IOF soldiers then moved to the house next door where the same routine was repeated, first emptying the house of its residents, at gunpoint, then searching room to room, destroying household objects as they moved. From after 7 am until the arrest at 6pm of Abdullah Hawwaj, 36, IOF soldiers again ransacked the different floors of the house, searching for Abdullah and his brother, a man recently having undergone surgery and in ill health.

Abdullah, who had served 10 years in Israeli jails from the 1st Intifada, was released in a prisoner exchange deal in 1999. In the early years of the 2nd Intifada, he participated in resistance activities but then quit this resistance to re-gain a normal life. His name was included on a list of 189 recently- pardoned wanted men, a deal made between the PA and Israel. Abdullah warily believed he was safe, as the day before he had gotten reassurance of his safety from an important Nablus PA authority, and was thus in his home when IOF soldiers came in the early hours of October 16th in search of him.

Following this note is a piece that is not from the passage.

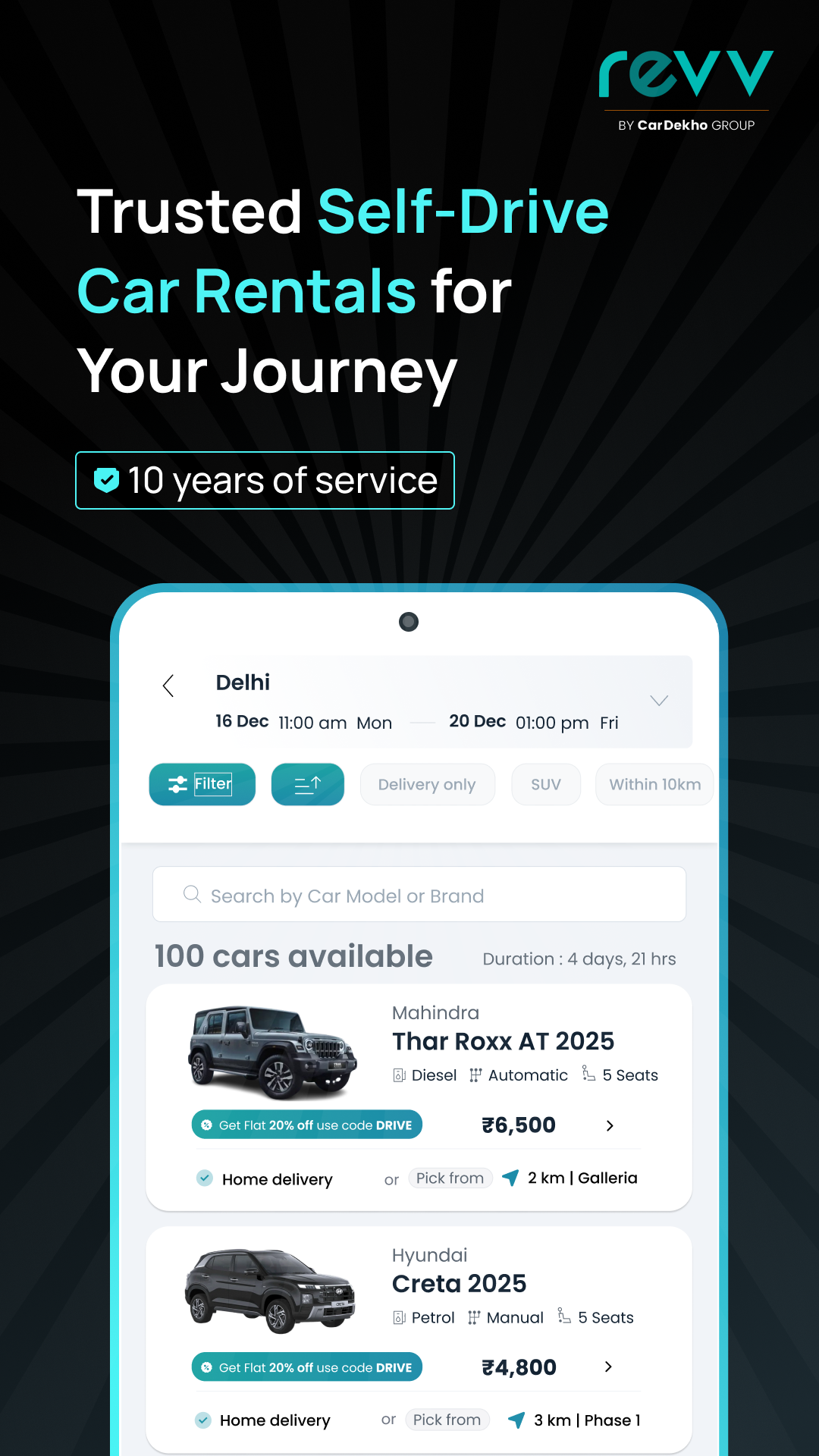 🚗 Self Drive Car Rentals Delivered Right to Your Doorstep with Revv!

Abdullah’s brother was not involved in any resistance activities; according to his sister, his daily routine was: to the mosque, to work, back home. The two men were eventually found in a hiding place on basement level. In order to avoid having further damage inflicted on their home and family, they came out of hiding, volunteering themselves to soldiers. Shortly afterwards, the basement level was exploded by the IOF, a reminder of the collective punishment which will be inflicted on families of wanted men.

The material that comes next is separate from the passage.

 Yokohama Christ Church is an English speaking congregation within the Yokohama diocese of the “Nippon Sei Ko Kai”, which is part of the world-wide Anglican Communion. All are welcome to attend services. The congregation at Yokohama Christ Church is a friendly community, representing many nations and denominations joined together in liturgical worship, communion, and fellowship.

The blast from Abdullah’s basement rooms broke and cracked the 3 inch thick wall he shared with a basement floor neighbour. The neighbour recounted how soldiers told he and his mother to leave their home, he refusing, protesting his mother’s ill health and difficulty walking. Eventually he complied with the soldiers’ order and left, joining others from the floors above on the street. They were given no food or water from their 8:30am evacuation till release after 6pm, and were not permitted to use the toilet for most of the day. While men and women were separated, he reported how when finally allowed to use the toilet they were not permitted to close the door, embarrassing and offensive to women and men. A further insult was the refusal of IOF soldiers to allow the men to wash and pray.

Abdullah’s grandmother, surrounded by broken, shot, and damaged evidence of the IOF’s presence, made clear her feelings for non-Palestinians, non-Muslims: “After all Israel has done to us, we still just want peace.” She followed with a request: “We are not asking for financial support from you, just for justice, for people around the world to know the truth.”

Upon leaving the Balata camp home destroyed just days ago, the owner similarly expressed his wish for the world to know, thanking the visiting HRW repeatedly for showing interest in his family’s loss.